To be honest, at the time i wrote the email i knew that mongoDB provided sharding which should provide horizontal scaling but at the time i didn't know how it worked in mongodb, because i hadn't time to dig through the docs. Now, after learning a bit more about mongodb i still don't know if i know :) but i agree with you, this is not distributed.
ah interesting mongodb has built in sharding: http://docs.mongodb.org/manual/core/sharding-introduction/
perhaps you are correct about mongo db in that it does seem like it would scale well.
however we have to carefully evaluate several more criteria before choosing a data store. for instance operational costs should always be evaluated:
Is it a pain to setup? (sharded mongo db seems heavy weight!) Is it a pain to add a new replica to a replica set? How are additional shards added? Does balancing the cluster after adding additional shards kill performance and take a long time? (most likely yes)
So, i think we should index the reports to provide a query API, this still applies, but, should we build a distributed datastore that will fit with every deployed collector? or a central respository that grabs the reports of the collectors and index them? should we care at all?
Yes... "indexed" reports sound much easier to work with than just the reports... however it is not yet clear that we really need the datastore to be distributed. Highly or mostly highly availability might be a requirement for this project. That is much easier to accomplish!

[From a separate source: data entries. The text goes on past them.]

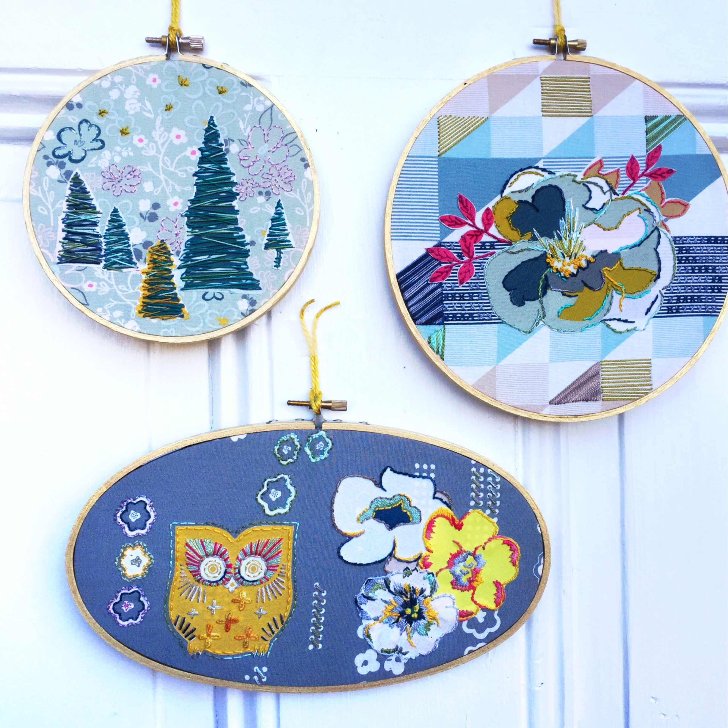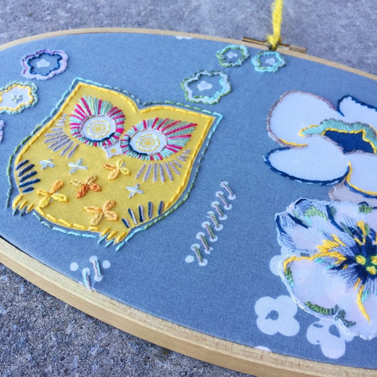 So then on to the bonded fabric blade. I wanted to cut several flowers for this collage hoop: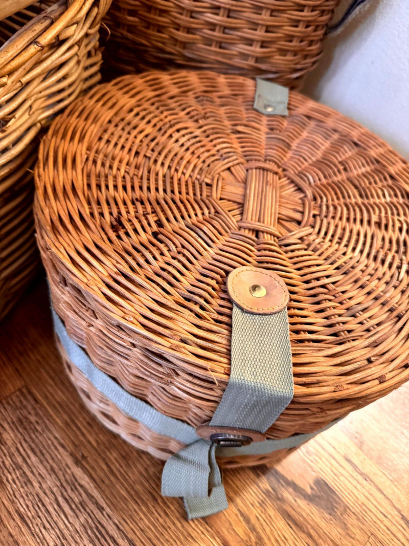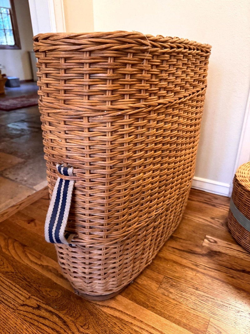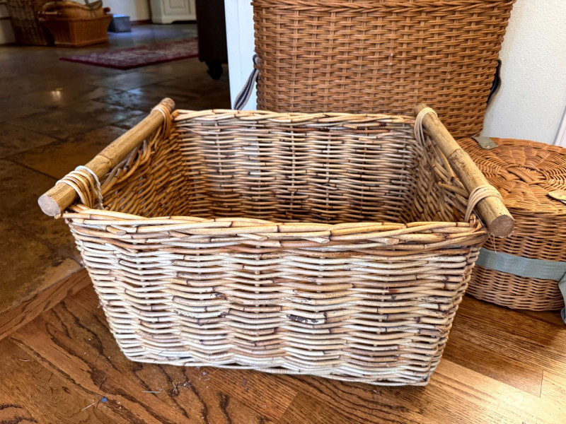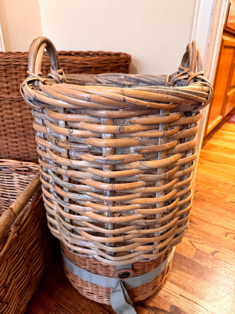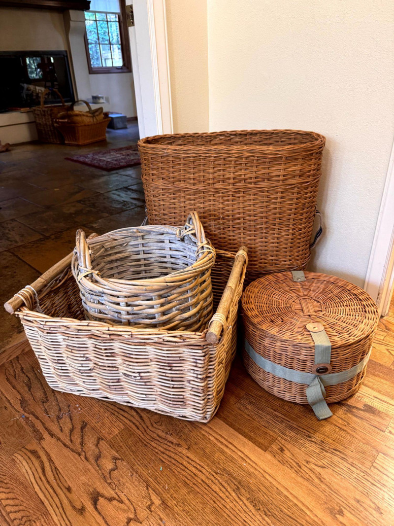 Large Wicker Baskets Set w/ Hat Box & Tall Storage Basket.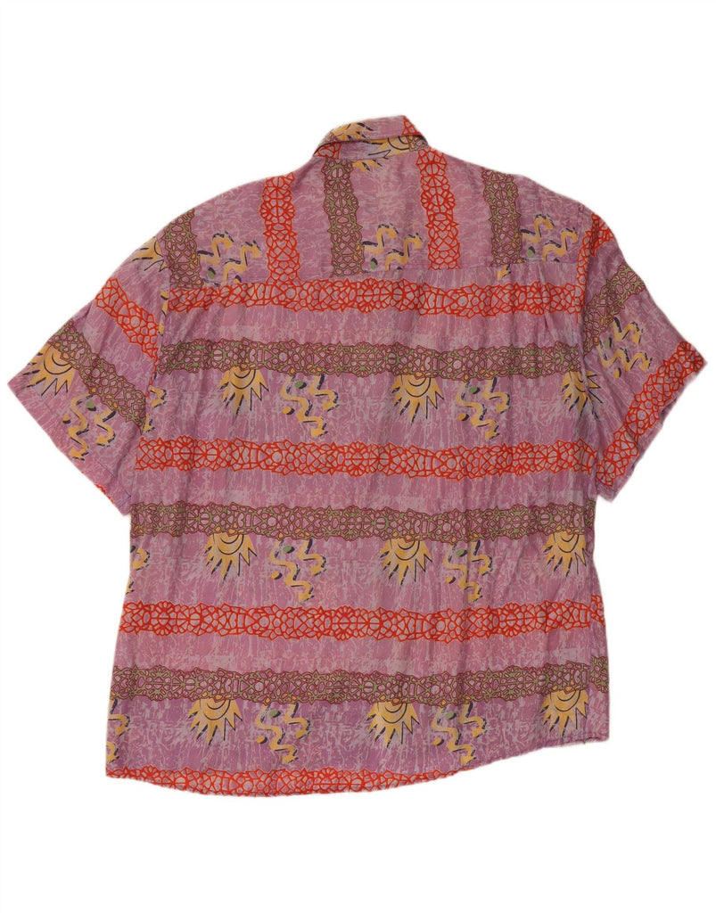 C&A Mens Abstract Pattern Short Sleeve Shirt Size 41/42 Large Purple Silk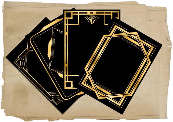 Gold Art Deco Frame Prints On Black Background Art Deco Etsy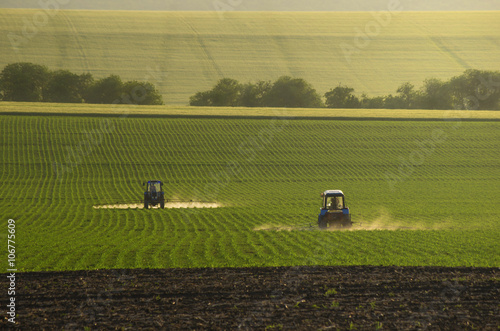 © izikmd, Naklejka premium Tractors sprayed cornfield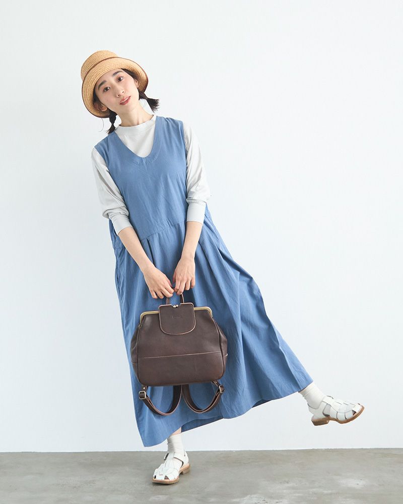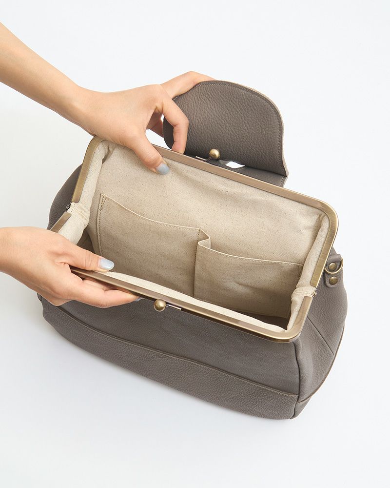 しっかりした革とがま口が付いているのに、見た目よりも軽いので毎日使いにもおすすめ。 小さく見えるのに底マチが13センチ程あるので、細いお弁当箱や500mlのペットボトルも入れられます。 通勤や移動の時はリュックとして、商談などのフォーマルな場所へ行く時はハンドバッグとして手持ちにできる優れもの。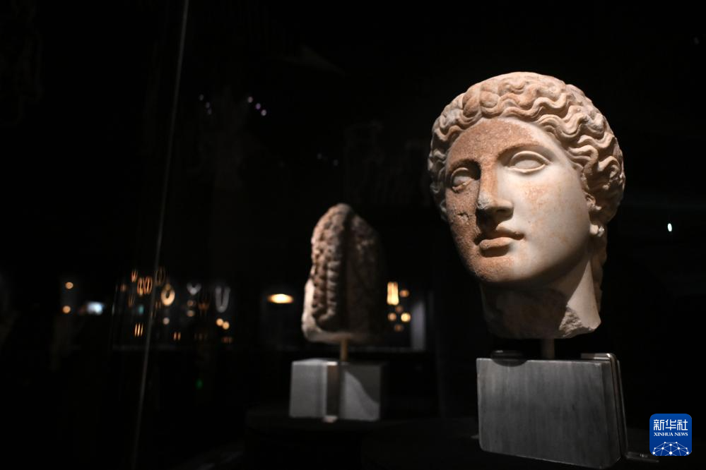这是展览展出的大理石年轻女性头像(11月5日摄)。
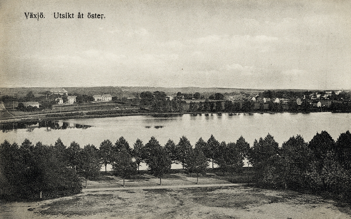 Vy mot Öster över Växjösjön, ca 1900. Fotot är taget från taket på Växjö högre allmänna läroverk, med skolgården i förgrunden. I övre högra hörnet skymtar dåv. Växjö hospital (S:t Sigfrid).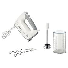 Брэнд BOSCH Модель MFQ3540 Тип ручной Мощность 450 Вт Количество скоростей 5 Импульсный режим есть Венчик для взбивания есть Крюки для теста есть Насадка блендер есть Цвет белый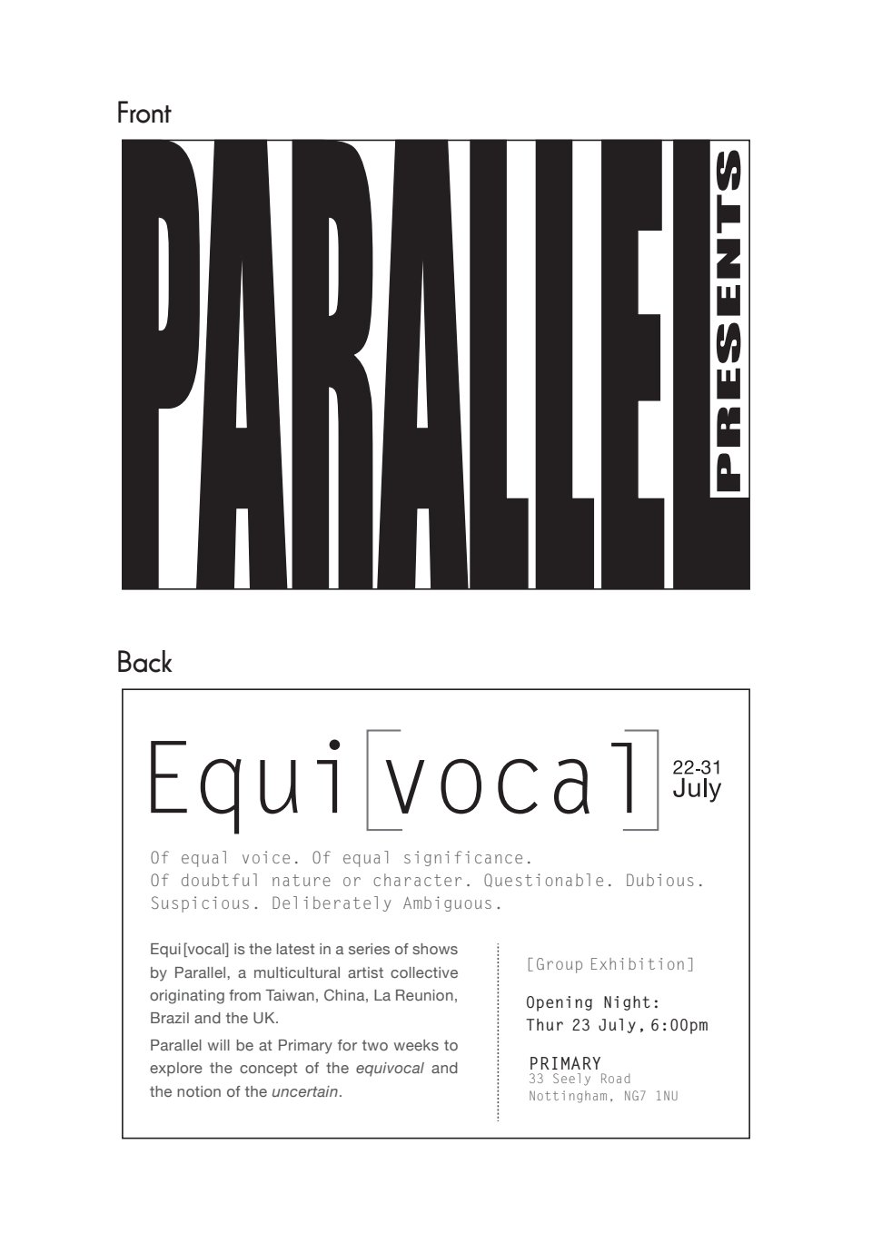 “Equivocal”, Paralell group show at Primary Studios, Nottingham |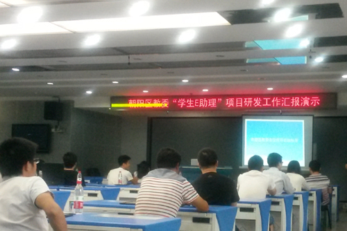 9月18日,在北京朝陽教委 “學(xué)生E助理”項(xiàng)目研發(fā)工作匯報(bào)演示廳中,由無線寬帶網(wǎng)絡(luò)事業(yè)部為其架設(shè)、部署了無線網(wǎng)絡(luò),保證了匯報(bào)演示過程中后臺服務(wù)器與終端的穩(wěn)定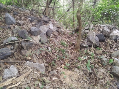 표고 214m 주봉과 서남쪽 공짜기를 감싸는 석성. 산탁에 의해 축성, 일부 협축 흔적이 살펴짐. 대부분 붕괴되었고 북쪽성벽 일부가 잘 남아있는데 폭은 4m정도이고, 잔존높이는 2m내외임. 성내에서 격자문, 어골문, 집선문계 평기와 및 토기편 등 수습됨.
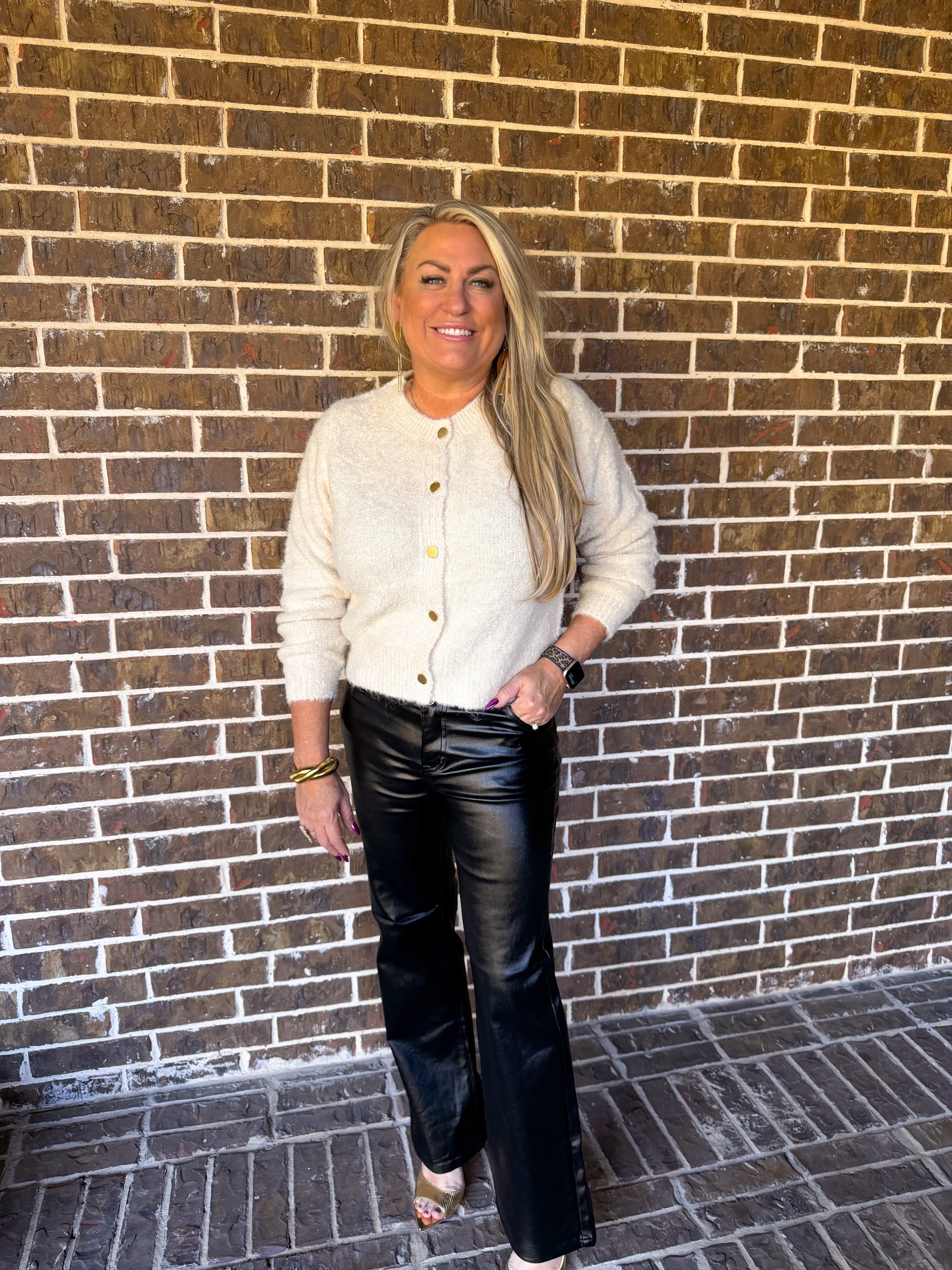 Bring softness and warmth to your wardrobe with this Cozy Cream Button-Up Cardigan. Made from a plush, textured knit, this cardigan delivers a comfortable, slightly oversized fit while still offering a polished, put-together look. The gold-tone buttons add a subtle touch of elegance, making it easy to dress up or style casually.

OK... so if we go with one of these CF (column family) data stores... then we must keep in mind the types of queries we will need when creating the schema. Another possibility would be Redis. It supports a set-theoretic query language... Also I've heard good things about CouchDB. I think we should look at these different datastore possibilities and discuss potential schema and query design for our project. I suspect a discussion of schema and query patterns will be more useful than discussing operational properties especially if a centralized datastore is good enough.
cheers,
david